◆ **About this exercise**
The required output holds only the lines from the one containing "Wir danken ihm" through the end of the material below, copied exactly, please, with no pictures.

◆ **Data section**
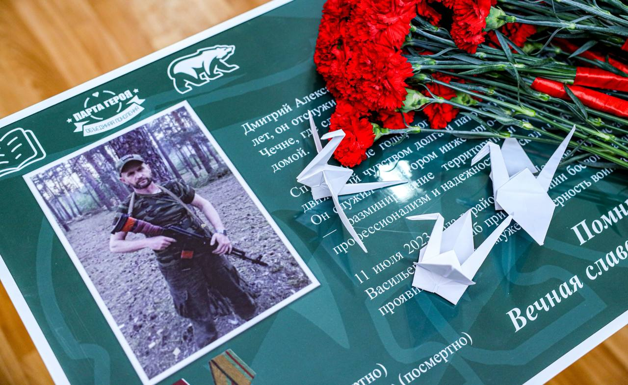 В рамках партийных проектов «Новая школа» и «Историческая память» в школе № 4 открыли Парту Героя в честь бойца специальной военной операции Дмитрия Александровича Васильева
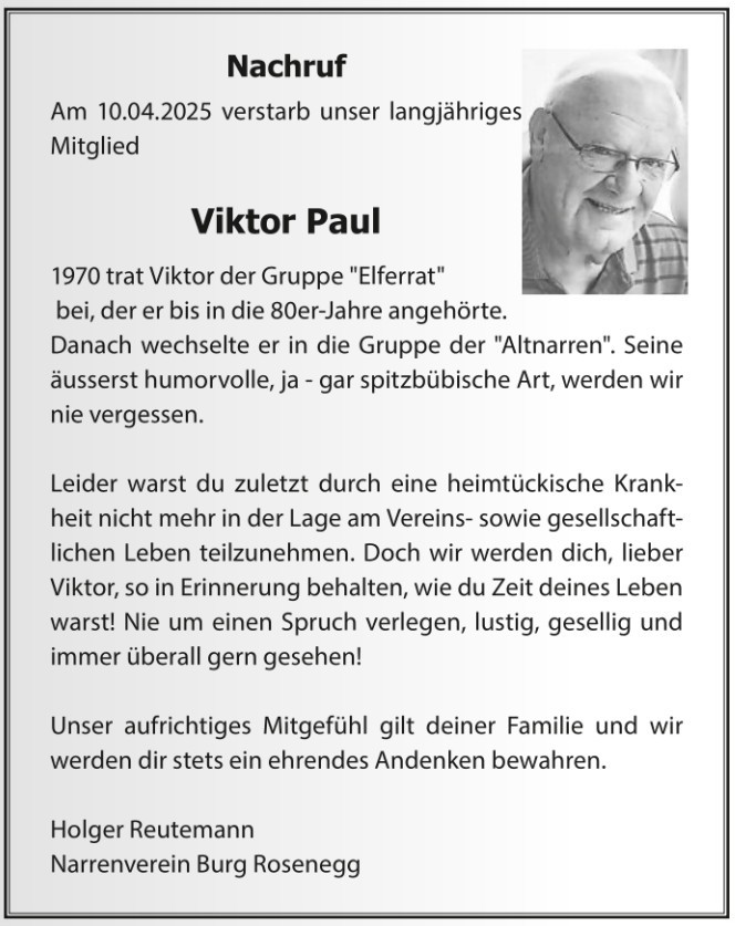 Wir danken ihm für seine Treue und wünschen ihm für das kommende Lebensjahrzehnt Gesundheit, Freude und viele weitere unvergessliche Momente bei der Rattlinger Fasnet
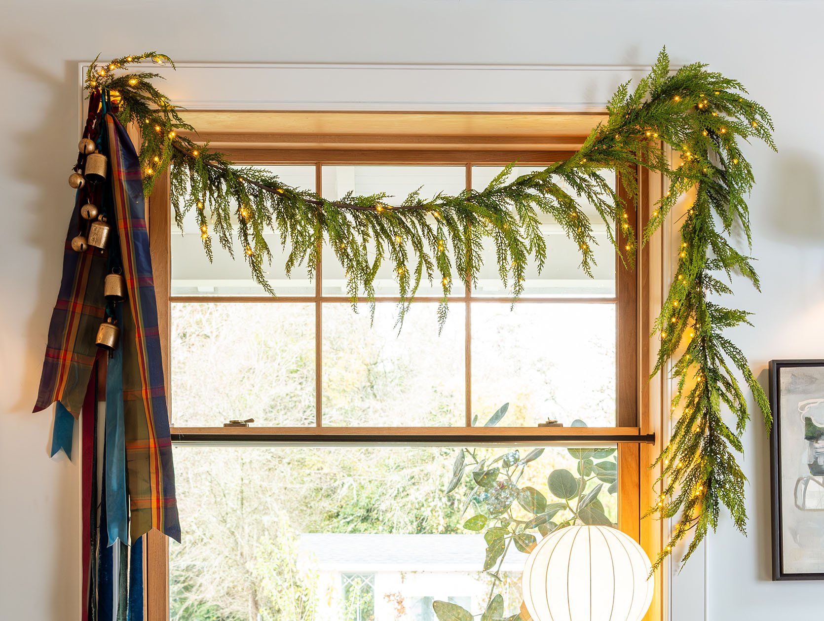 Pre-Lit Garland | Round Bells | Larger Bells | Blue Square Pillow | Green Plaid Blanket | Woven Basket | Blue Round Pillow | Burgundy Blanket

◆ **Finished task**
 Wir danken ihm für seine Treue und wünschen ihm für das kommende Lebensjahrzehnt Gesundheit, Freude und viele weitere unvergessliche Momente bei der Rattlinger Fasnet
 Pre-Lit Garland | Round Bells | Larger Bells | Blue Square Pillow | Green Plaid Blanket | Woven Basket | Blue Round Pillow | Burgundy Blanket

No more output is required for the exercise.